What this task involves –
Using the data that follows, output only the lines from the line with "Moreover, the wavelengths" up to and including the line with "Timeless and refined, these", exactly, leaving pictures aside.

+===+

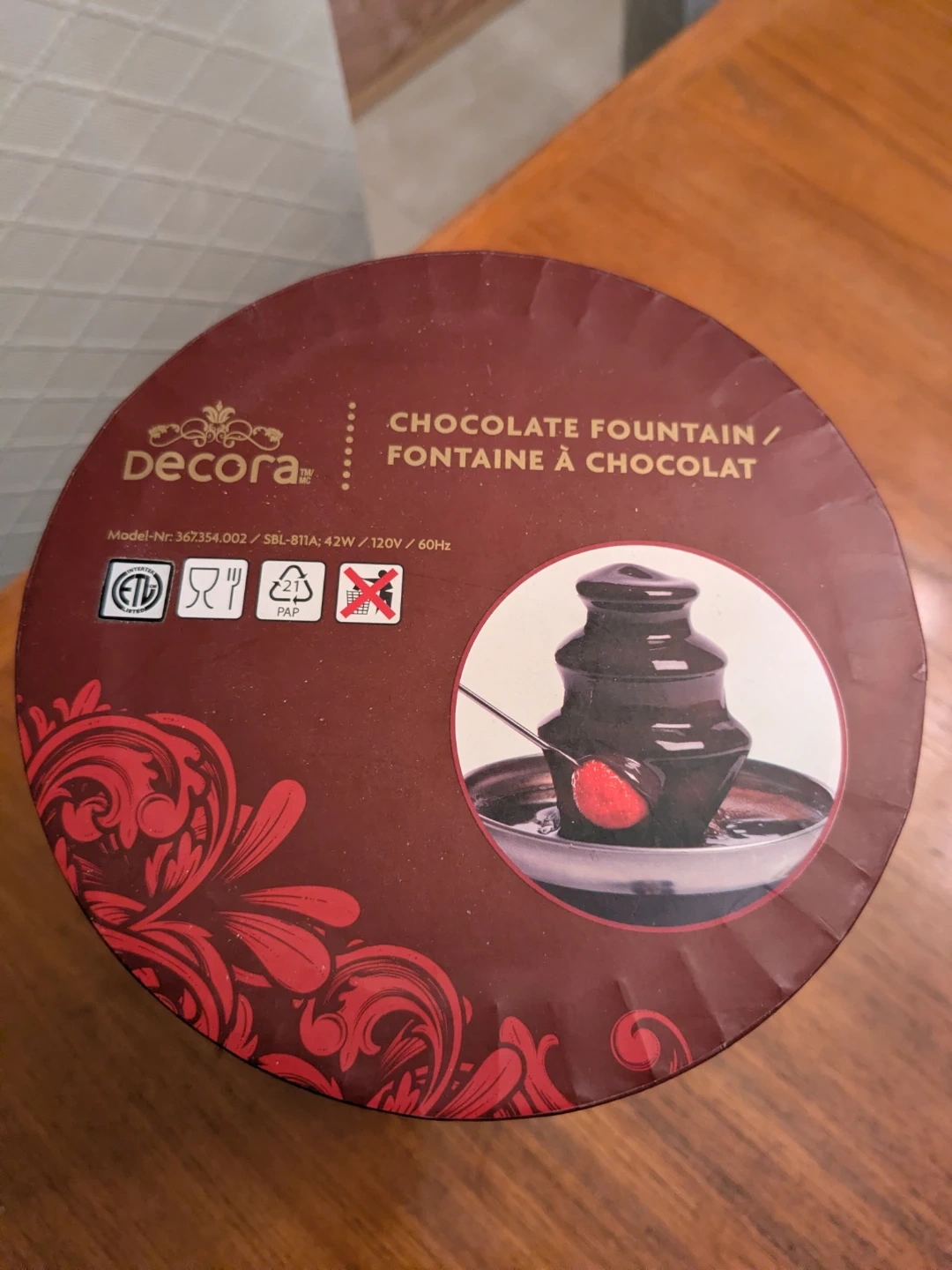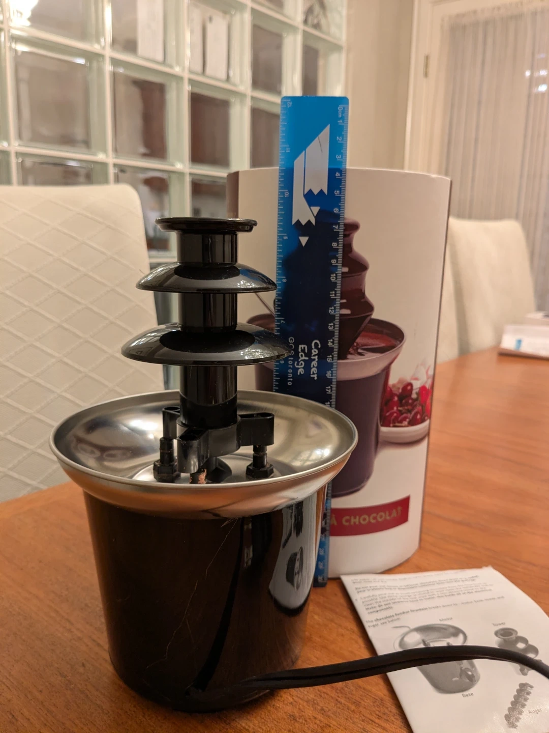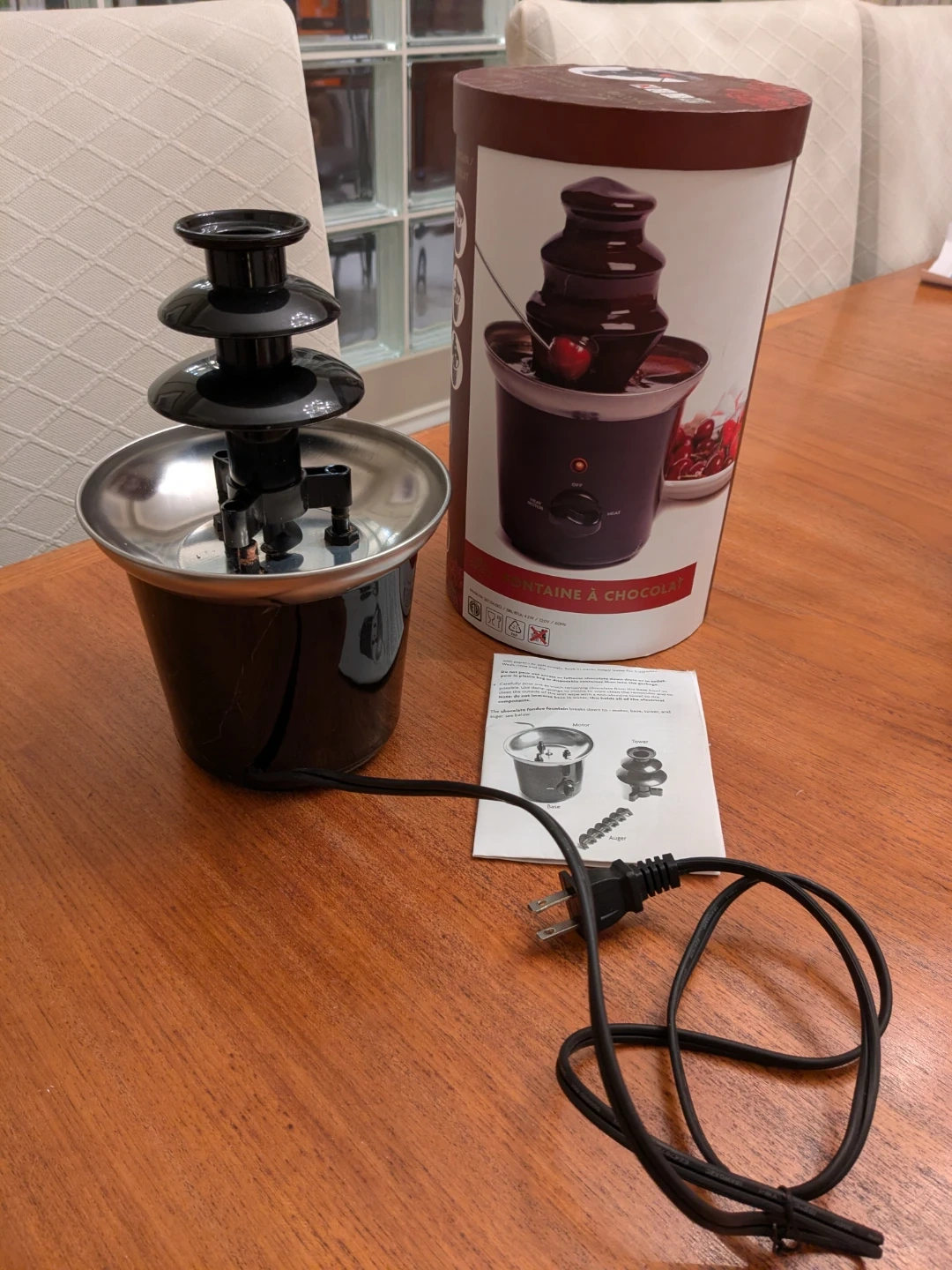 Here's a Decora chocolate fountain, ready to make your next gathering extra special! It comes with the original box and instructions. The height is approximately 16cm. Perfect for dipping strawberries, marshmallows, or anything else you can dream up. Only used once!
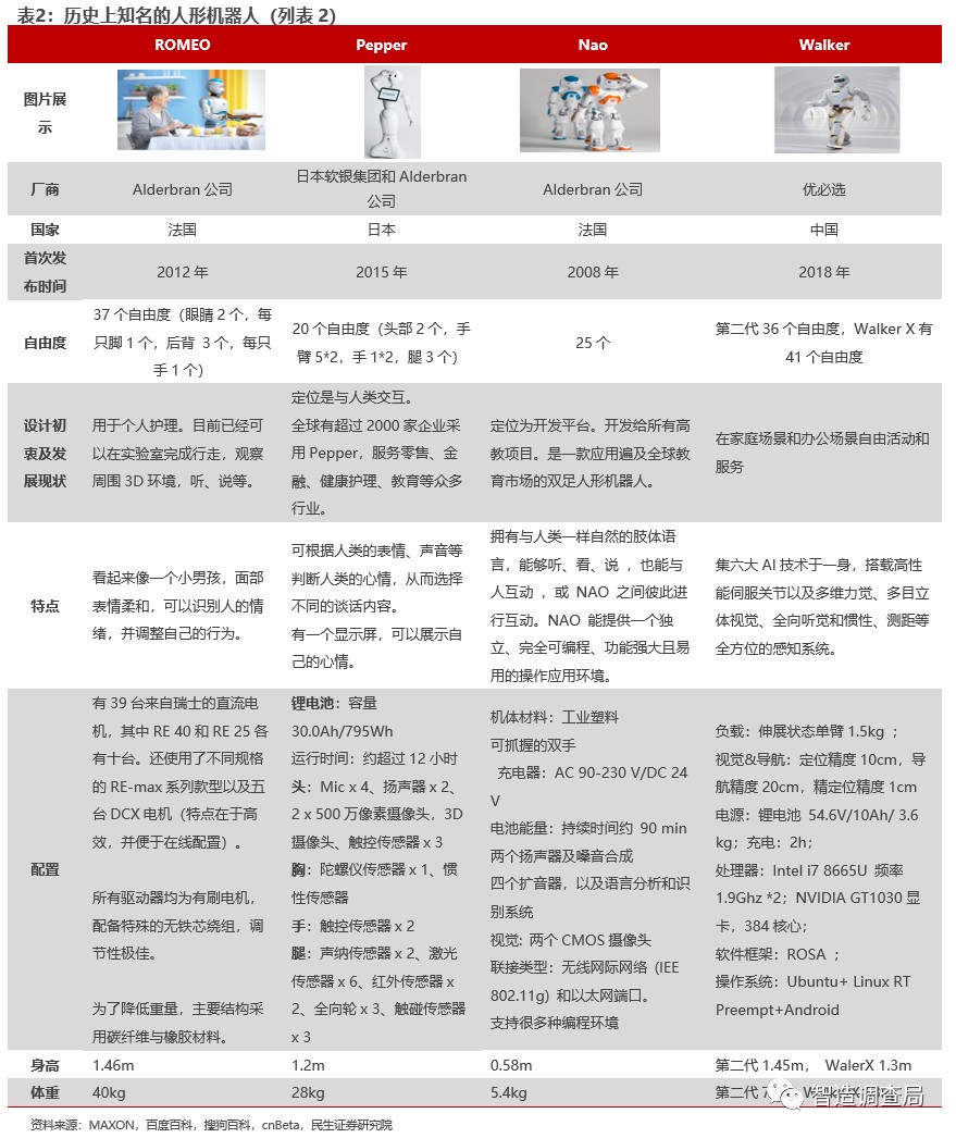 从配置上看,双足服务型机器人自由度均在 40 个左右,多的可以达到 50 以上,电源采用锂电池,续航时间短则 1-2h,长的可以达到十数个小时,电机均采用直流电机,全身配备数十个甚至上百个传感器,本体结构多采用碳纤维、工业塑料等轻质材料,或对质感、触感有要求的橡胶等。
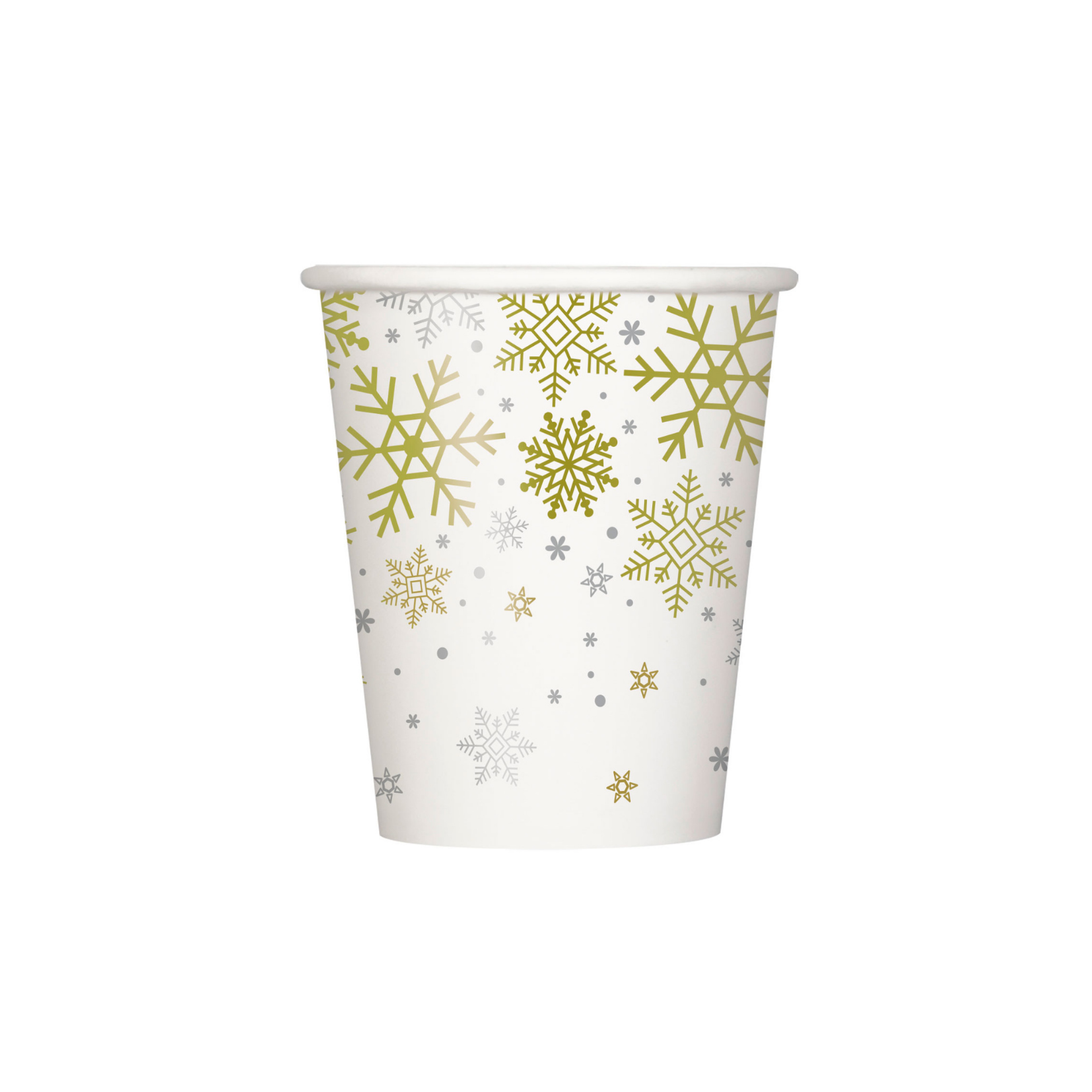 Pack de 8 vasos de cartón con diseño de copos de nieve en tonos plata y oro, ideales para celebraciones especiales.
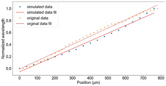Moreover, the wavelengths are normalized because the detected peak wavelength does not match the one in the real data, which is due to the coatings of the lenses, which will strongly affect the transmitted intensity of each wavelength and, therefore, the detected wavelength peak, and it is not considered in the simulation.
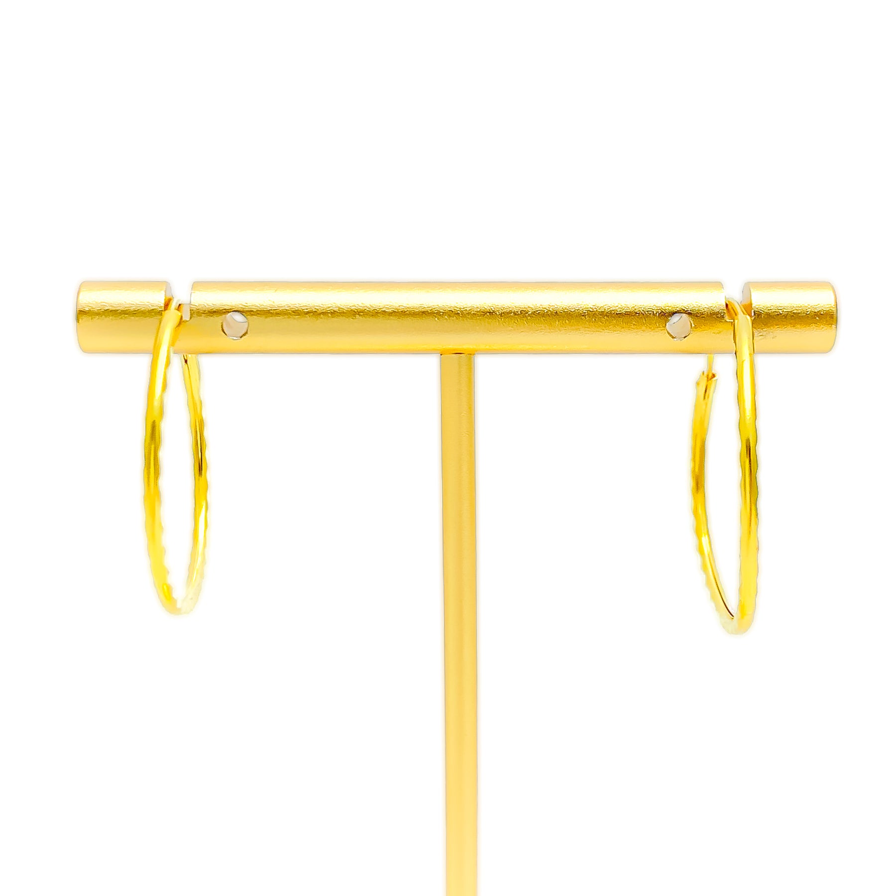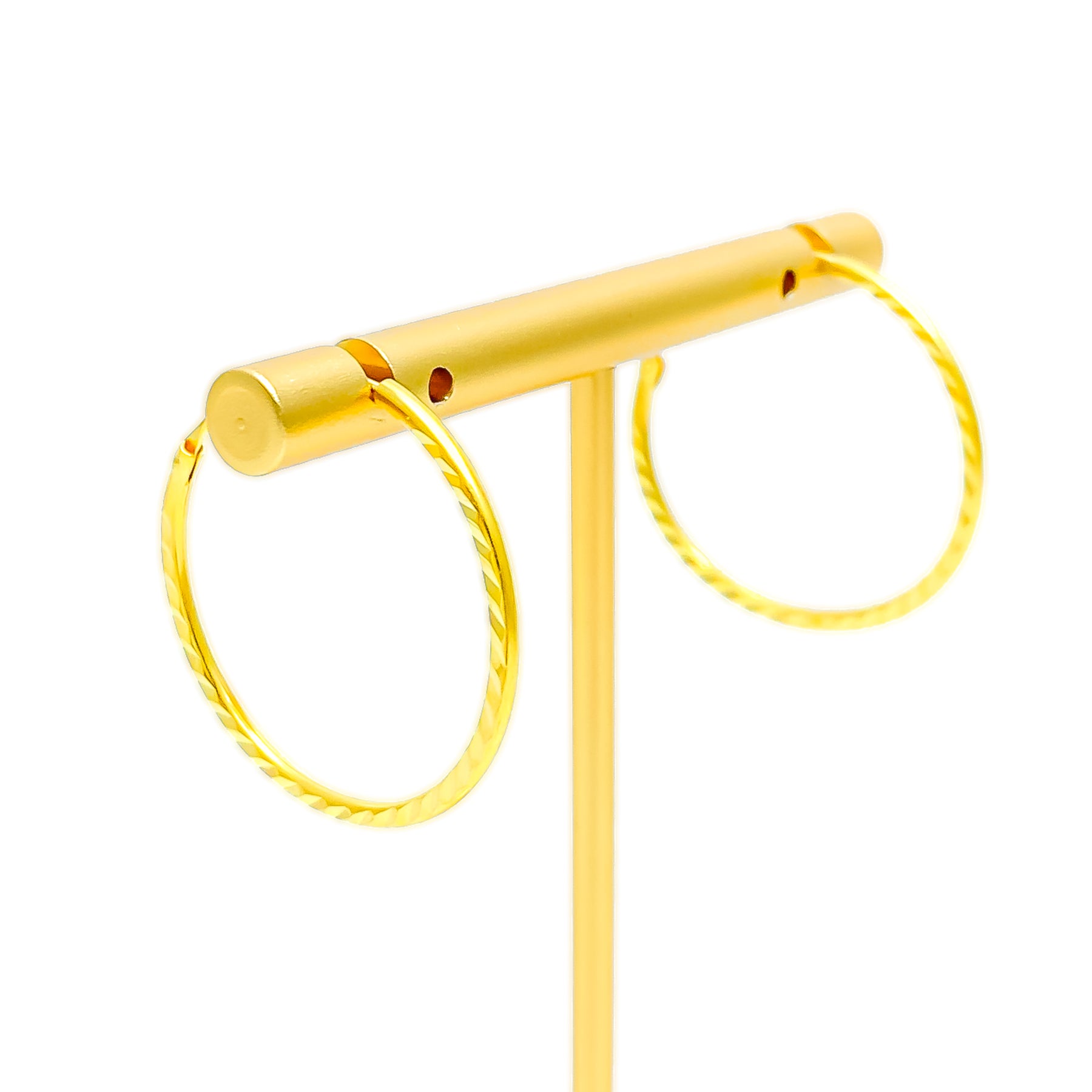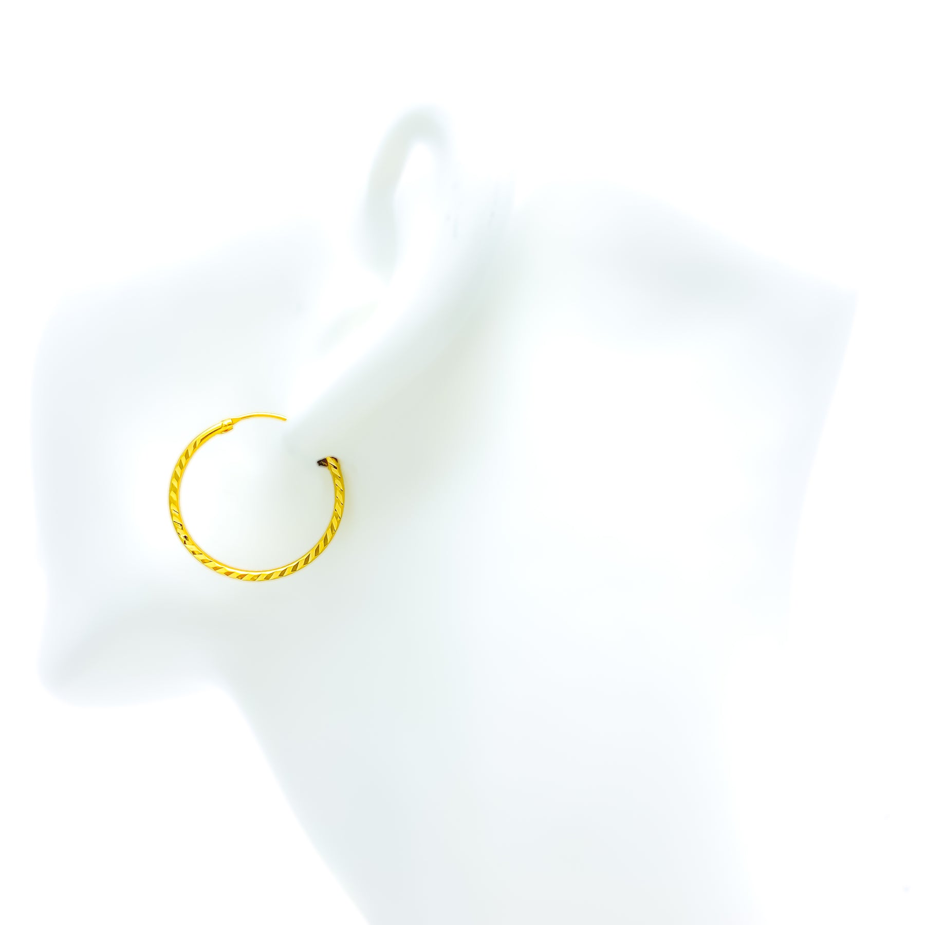 Timeless and refined, these 22k yellow gold hoop earrings weigh 2.0 grams and feature a 1" diameter with a smooth, polished finish. Their classic Bali-inspired design offers enduring elegance and lightweight comfort. A graceful staple meant to shine effortlessly across seasons and occasions.
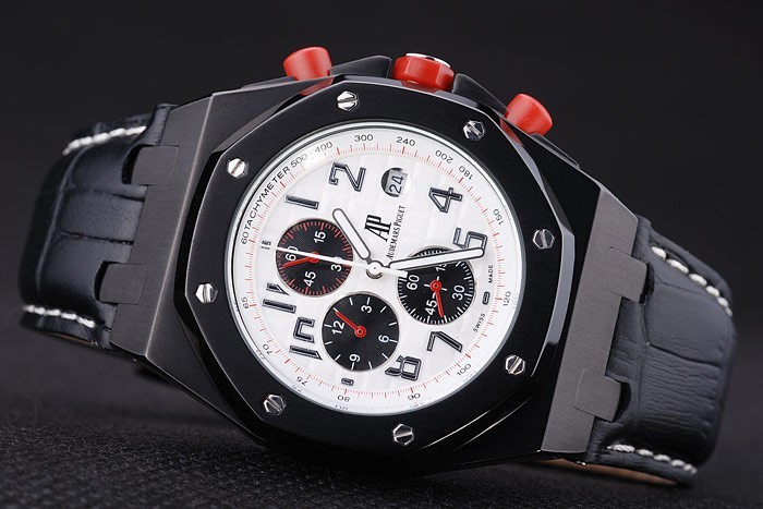 The Audemars Piguet Royal Oak Offshore Replica Watch 3316 by Royal Oak is a high-quality, stylish timepiece that is perfect for men. The black color, ion-plated stainless steel case and black crocodile leather strap with white stitching give it a luxurious and sophisticated look. The Japanese Miyota quartz movement ensures accurate timekeeping. The sapphire crystal glass and ion-plated hexagonal bezel add to the overall durability of the watch. The flip-over hook clasp and audemars piguet logo engraved crown add to the elegant design. In conclusion, it’s really good.

+===+

The completed task –
Moreover, the wavelengths are normalized because the detected peak wavelength does not match the one in the real data, which is due to the coatings of the lenses, which will strongly affect the transmitted intensity of each wavelength and, therefore, the detected wavelength peak, and it is not considered in the simulation.
 Timeless and refined, these 22k yellow gold hoop earrings weigh 2.0 grams and feature a 1" diameter with a smooth, polished finish. Their classic Bali-inspired design offers enduring elegance and lightweight comfort. A graceful staple meant to shine effortlessly across seasons and occasions.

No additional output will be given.